Константин  Жоль Тернистый путь рационализма



бет6/13
Дата24.07.2016
өлшемі0.77 Mb.
#219299
түріРеферат
1   2   3   4   5   6   7   8   9   ...   13

Константин  Жоль

Тернистый путь рационализма


    Агасфер, или Вечный Жид. – «Компания Иисуса» во главе контрреформаторов. – Жан Боден провозглашает идею суверенитета. – Сомневающийся ум Ренэ Декарта и рождение науки Нового времени. – Монархические капризы и «шутки» янсенистов. – Внутренняя драма «Мыслящего Тростника». – Феноменология человеческой жизни в трактовке строптивого писателя Бальтасара Грасиана. – О простаках и простецком мировосприятии в непростых условиях. – «Новые христиане» и кое-что любопытное о каббалистике, но не только о ней. – Голландский философ, шлифовавший линзы. – Этот загадочный Лейбниц.
    
    
     Агасфер, или Вечный Жид. Северный океан крепко-накрепко сковал поясом вечных снегов пустынные берега двух гигантских континентов, сковал там, где лежат последние границы этих континентов, разделенных узким проливом.

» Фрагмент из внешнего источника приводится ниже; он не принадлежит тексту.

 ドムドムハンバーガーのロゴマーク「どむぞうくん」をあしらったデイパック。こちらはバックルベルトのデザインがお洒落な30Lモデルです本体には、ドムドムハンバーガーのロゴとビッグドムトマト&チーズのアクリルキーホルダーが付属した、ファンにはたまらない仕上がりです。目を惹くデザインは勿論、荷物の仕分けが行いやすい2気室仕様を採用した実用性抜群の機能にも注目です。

     Зима стремительно набирала силу. Ночной мрак и полярные вьюги неотвратимо шли на смену пасмурным северным дням.
     Бледный диск негреющего светила слабо освещал небо и снег, покрывающий необозримые пространства скалистых равнин двух континентов.

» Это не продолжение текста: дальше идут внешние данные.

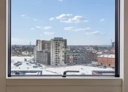 Det er tilladt at holde 1 hund eller 1 kat.Se de nærmere betingelser i afdelingens husorden. Bolig og fællesskab for voksne. Kalanderhuset er til dig, der ønsker at bo et sted, hvor fællesskabet og det tætte naboskab er i højsædet. Og hvor du selv har lyst til at bidrage aktivt ind i fællesskabet.Opskrivning til seniorbofællesskabet i Kalanderhuset sker ved at kontakte Civica på EMAIL / 63 133 133. Din opskrivning er ikke bindende, og du vil til enhver tid kunne sige ”nej tak”, hvis du skulle få tilbudt en bolig, men alligevel ikke er interesseret.Hvis du ønsker at se en af Kalanderhusets lejligheder, kan du kontakte vores samarbejdspartner Nybolig, som står for fremvisning: Karoline, tlf. Phone , EMAIL tlf. Phone , EMAIL eller Oliver, tlf.: Phone , EMAIL kan søges af personer over 40 år uden hjemmeboende børn.Efter førstegangsudlejningen udlejes boligerne til personer over 55 år uden hjemmeboende børn - hver anden gang med fortrin til 55-65 årige og hver anden gang efter opskrivnings-anciennitet for alle personer over 55 år uden hjemmeboende børn.Kalanderhuset består af 58 boliger i et miks af to- og treværelses boliger, i et spænd fra 64 til 110 m2. De 58 boliger er fordelt på fem opgange. Der er elevatorer i alle 5 opgange, der sikrer tilgængeligheden for beboerne og deres gæster. Der er 13 stk. 2-rums og 45 stk. 3-rums boliger. Stueboligerne har adgang til en lille terrasse og der er franske altaner til de resterende boliger. I hver opgang er der et fælleslokale, som er tænkt som satellitter. Et af lokalerne bruges eksempelvis som motionsrum med motionsmaskiner. Der er også et stort fællesområde, hvor alle beboere kan samles. Der ud over er der en gæstebolig placeret i forbindelse med et store fællesrum i stueetagen. Gæsteboligen er tiltænkt overnattende gæster af beboerne. Kalanderhuset ligger på grunden, hvor Dalum Papirfabrik lå. Det er et nyt boligområde, der har en attraktiv placering – midt i naturen, tæt på både centrum, motorvej og den lokale togbane. De karakteristiske fysiske kendetegn fra papirfabrikken bevares, og dermed fastholdes historien – til glæde for hele byen og for forbipasserende. Boligområdet forener det urbane med det grønne, da der trækkes grønne kiler ind i boligområdet fra Odense Å.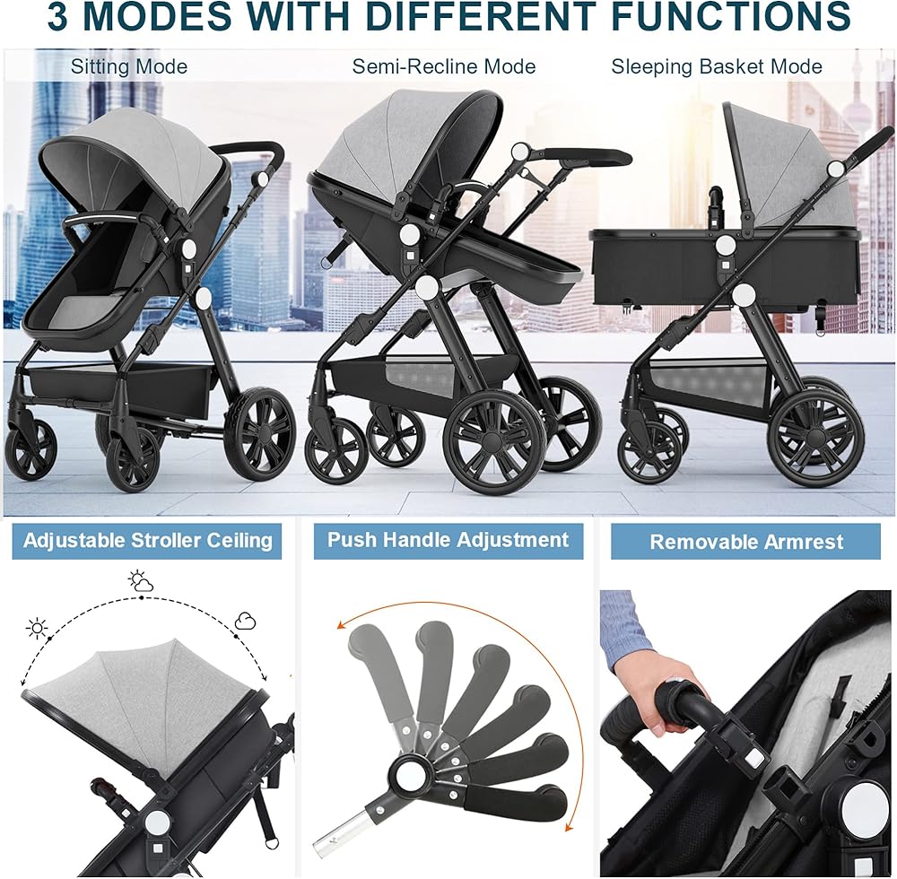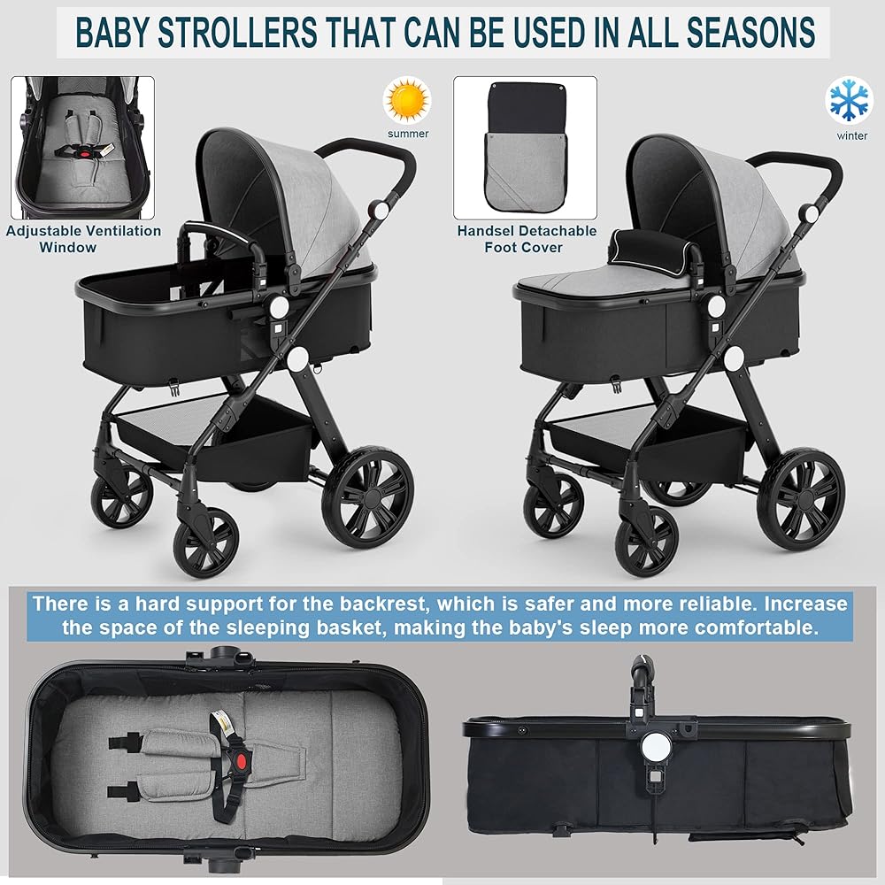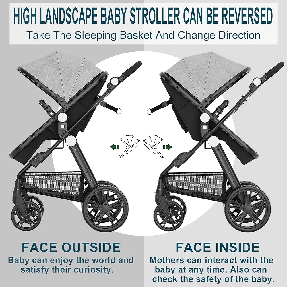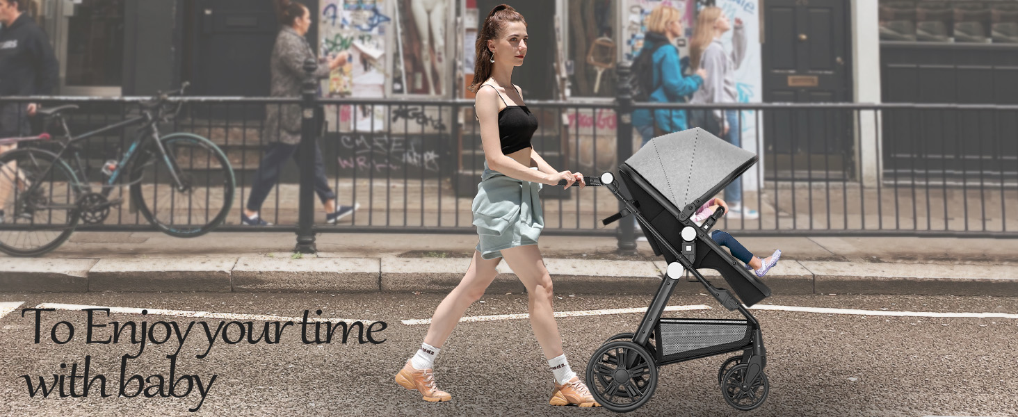 [BABY HEALTH] Our high landscape baby stroller, effectively avoiding the car exhaust layer, protecting the baby's physical health. If the seat of the stroller is very low and the stroller is walking in the crowd, the baby's perspective can only see densely packed human legs, your baby will be very scared. Therefore, our high landscape foldable stroller is more conducive to the baby's mental health.

     От нестерпимого холода трескается земля, рвутся камни, выбрасываются фантастические снопы ледяных игл.
     Эти пустынные снежные широты почти необитаемы.

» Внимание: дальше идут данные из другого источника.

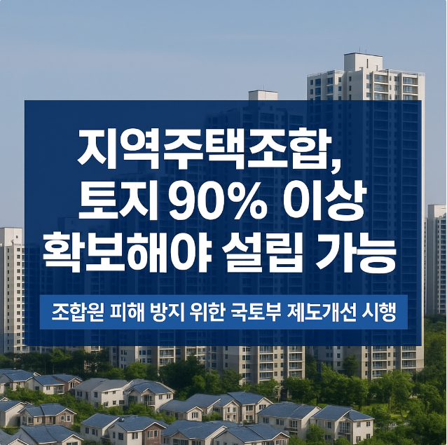 「지역주택조합 사업의 안전성과 투명성을 강화하기 위해 국토교통부가 신규 조합 설립 및 조합원 모집 단계에 대한 제도개선을 추진합니다. 앞으로 조합원이 모집되기 전에 토지매매계약서의 90% 이상 확보 등 실질적 토지확보 요건을 충족해야 하며, 사업계획의 명확성을 높이기 위해 용도지역·용적률 변경이 완료된 경우에만 신고 수리를 허용하는 등 사업 리스크를 대폭 낮추는 방안이 적용됩니다. 지역주택조합에 관심 있는 조합원과 예비 조합원 모두가 알아야 할 핵심 제도 개선 내용을 정리했습니다.」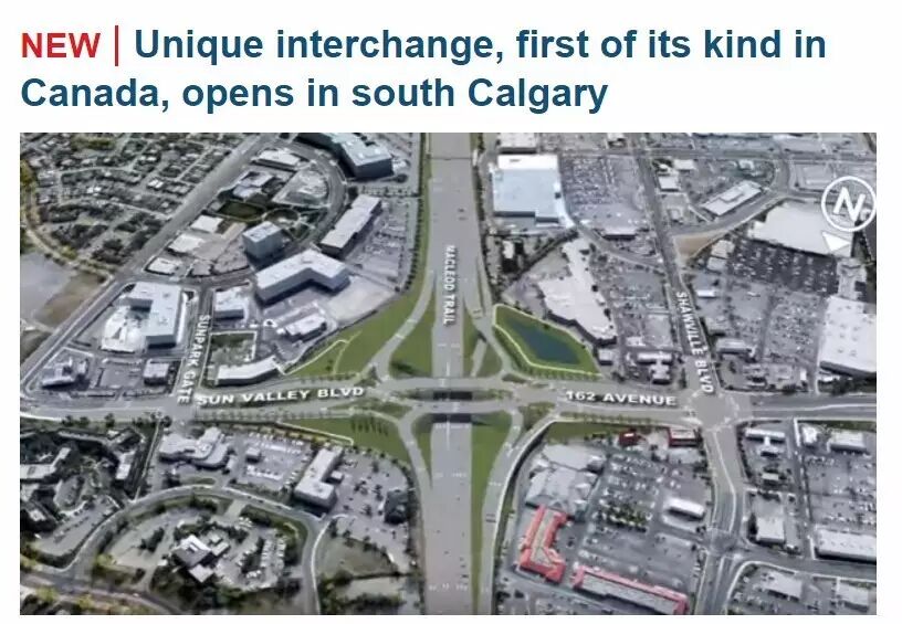 这座新建立交桥,那可不得了了!卡城市政耗费$7800万巨资,耗时2年,在加拿大属于开天辟地之作,是加拿大历史上的第一座钻石双向立交桥(DDI)!

     Ни одно сколько-нибудь одушевленное существо, особенно из числа западноевропейских homo sapiens’ов, не может осмелиться нарушить безмолвное уединение этих ледяных краев, этих обиталищ колючего инея, ужасного холода, проклятого голода и полной биологической смерти. А между тем, как ни удивительно, на снегу двух континентов можно различить следы ног искателей приключений на свою голову. На американском материке различимы следы легкие, маленькие, свидетельствующие о том, что здесь проходила женщина, направляясь к скалам, откуда через пролив виднеется снежная пустыня противоположного материка. На снегу русского берега различимы следы более крупные и глубокие, говорящие о том, что здесь определенно проходил мужчина, направляясь к проливу.
     Кажется, что эти явно одуревшие от жизненных невзгод путники надеются увидеть друг друга через узкий пролив, разделяющий континенты.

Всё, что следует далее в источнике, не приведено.